Command Not Found

On Debian/Ubuntu, command-not-found tells you what package to install when you try to run a program you don't have. I find this helpful, but it takes a long time to maintain its index for lookups. This post tells the meandering story of how I first optimized command-not-found, then replaced it with a script that doesn't use an index at all.

update-command-not-found is slow

I noticed recently that apt update stalls on my computer after fetching new data:

Get:139 http://ftp.us.debian.org/debian unstable/non-free amd64 Contents (deb) T-2021-01-15-0800.20-F-2021-01-14-0800.15.pdiff [2,707 B]
Fetched 1,504 kB in 39s (38.5 kB/s)

...stall for about 15 seconds...

Reading package lists... Done
Building dependency tree
Reading state information... Done
10 packages can be upgraded. Run 'apt list --upgradable' to see them.

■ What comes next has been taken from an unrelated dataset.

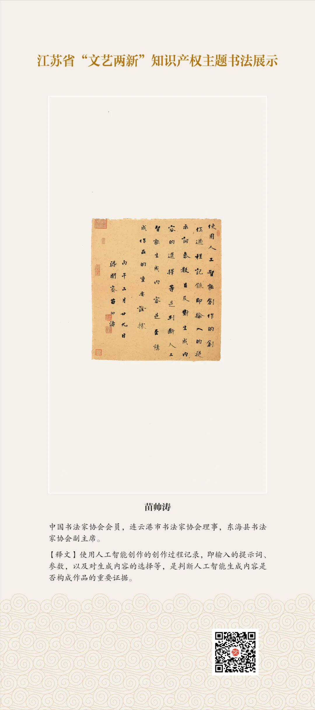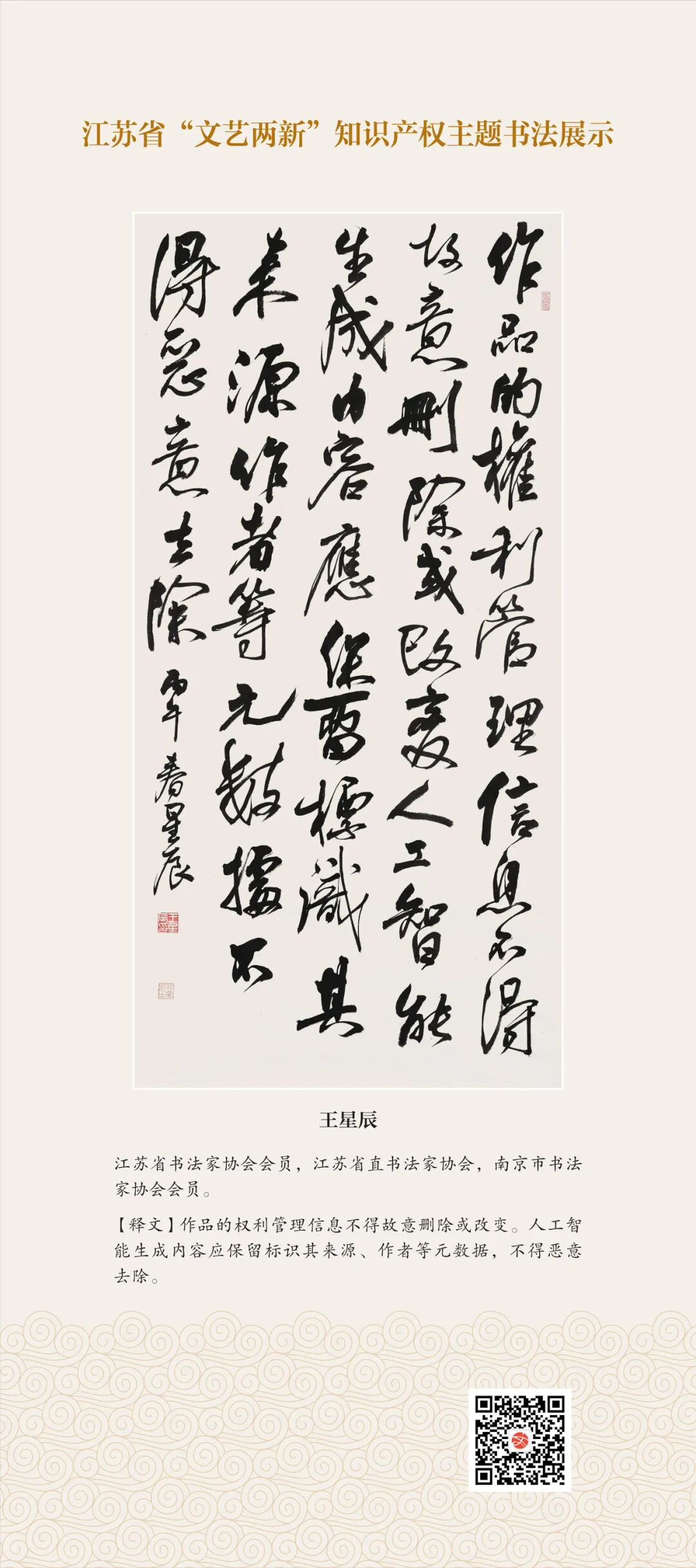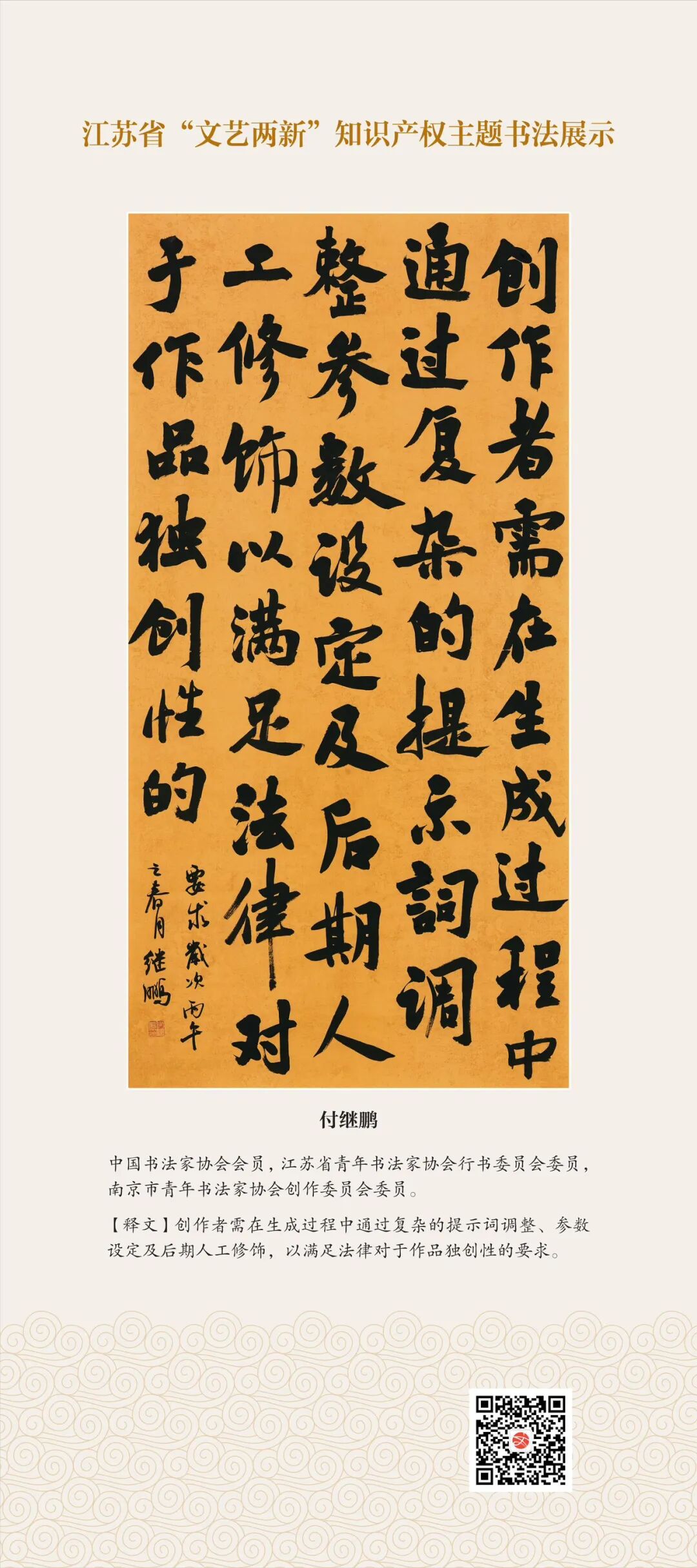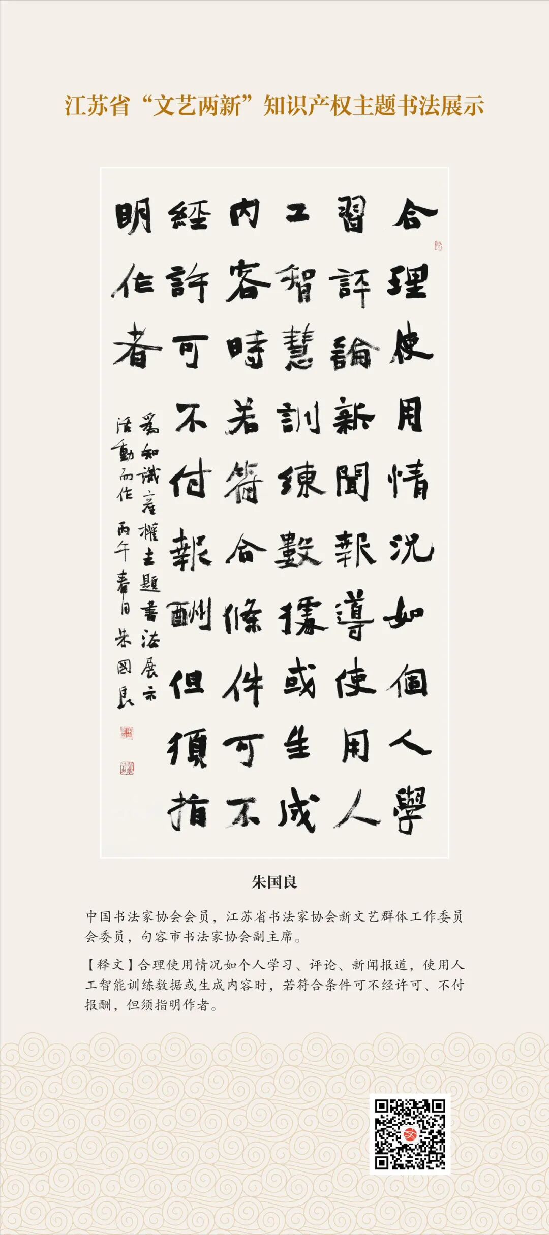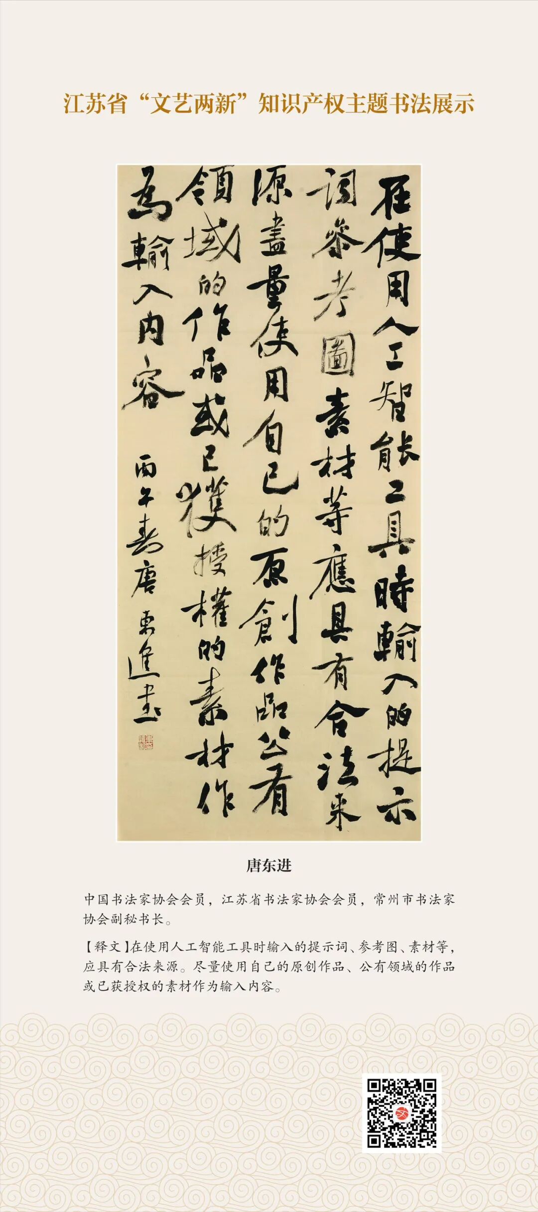 此次展示,是全省文联系统深入贯彻习近平文化思想、习近平法治思想的生动实践,是落实中国文联2026年知识产权宣传周部署、推进“文艺两新”工作高质量发展的创新举措。活动立足省级“文艺两新”实践基地,探索“法治+艺术”融合新路径,延伸服务触角、强化维权引领,让文艺初心与法治精神同频共振,在赏墨韵之美中,普及知识产权理念,提升权益保护意识,共筑尊重原创、守护创新的良好生态,为江苏文化强省建设注入源源不竭的法治正能量。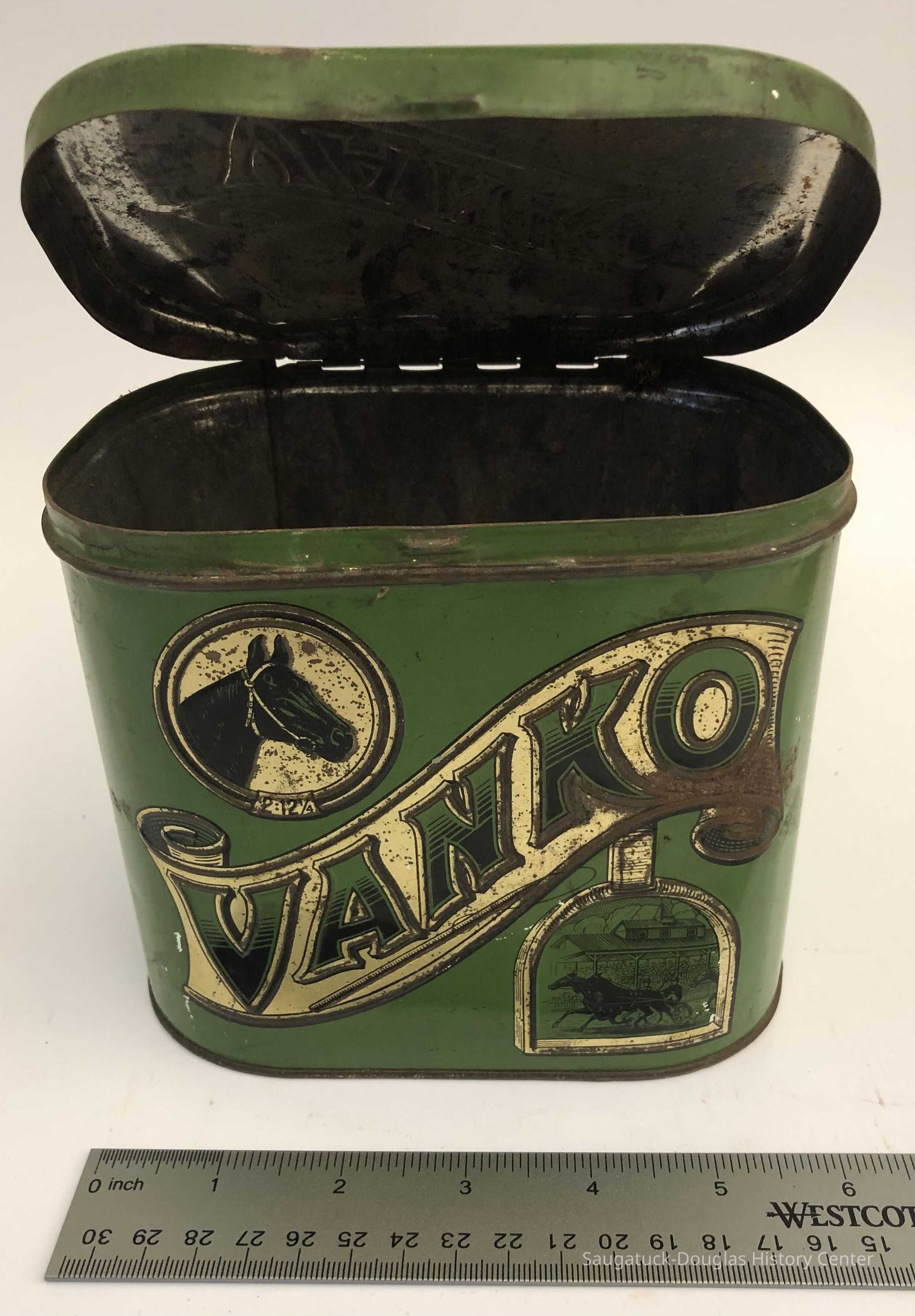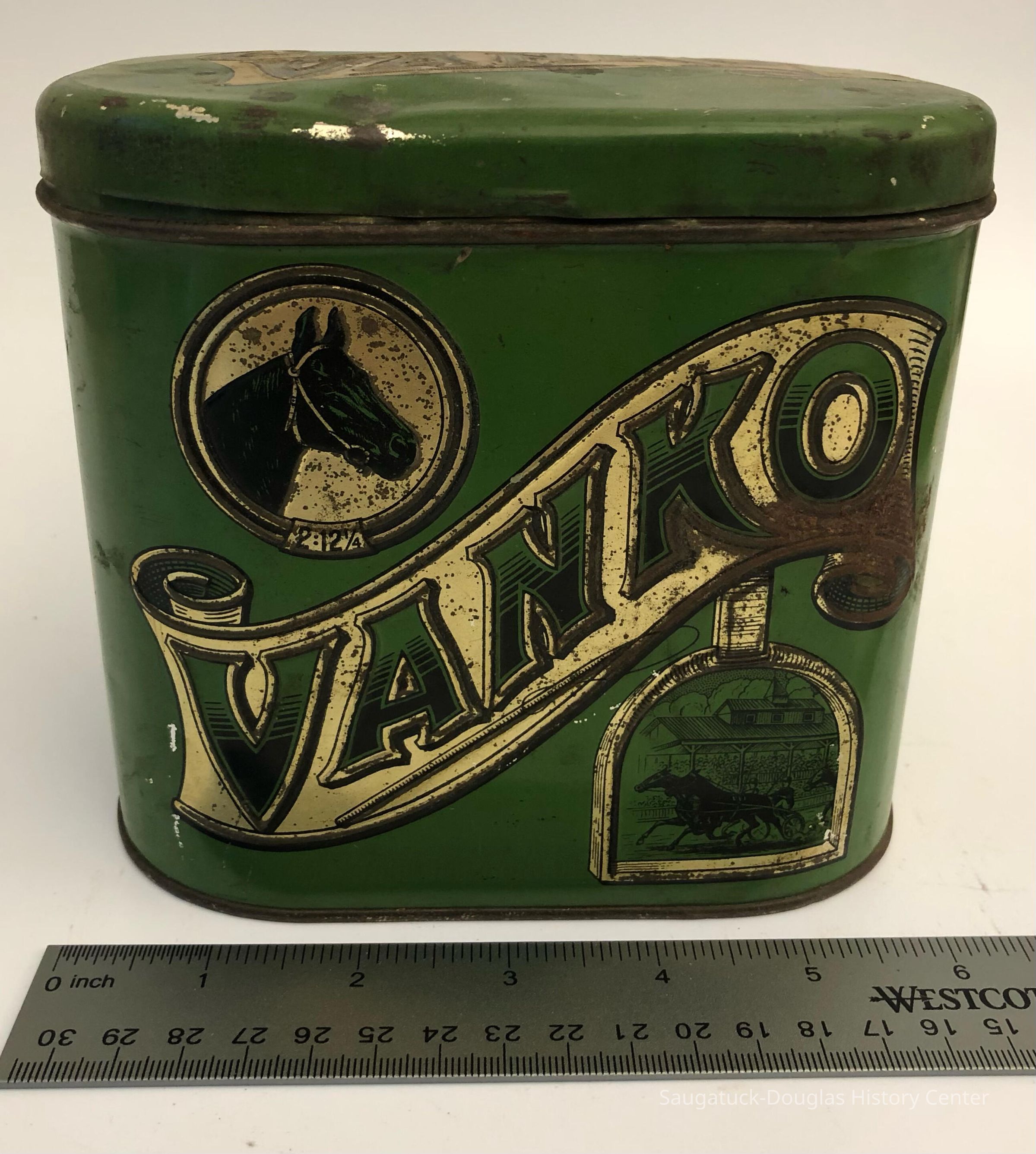 ANTIQUE VANKO CIGAR TIN. LITHOGRAPH TOBACCO CAN. HORSE RACING IMAGES OHIO COUNTRY STOREContext

I found the culprit to be update-command-not-found from the command-not-found package. That package provides a useful error message when you attempt to run a command you don't have installed. It searches through the APT cache for Debian (or Ubuntu or whatever) packages that would install an executable with the same name. Here's an example:

~$ python2

Command 'python2' not found, but can be installed with:

sudo apt install python2-minimal

To make this search efficient, update-command-not-found builds a lookup table when apt update runs. This table is stored in in /var/lib/command-not-found/. Unfortunately, building this lookup table and maintaining it is slow, at least for me.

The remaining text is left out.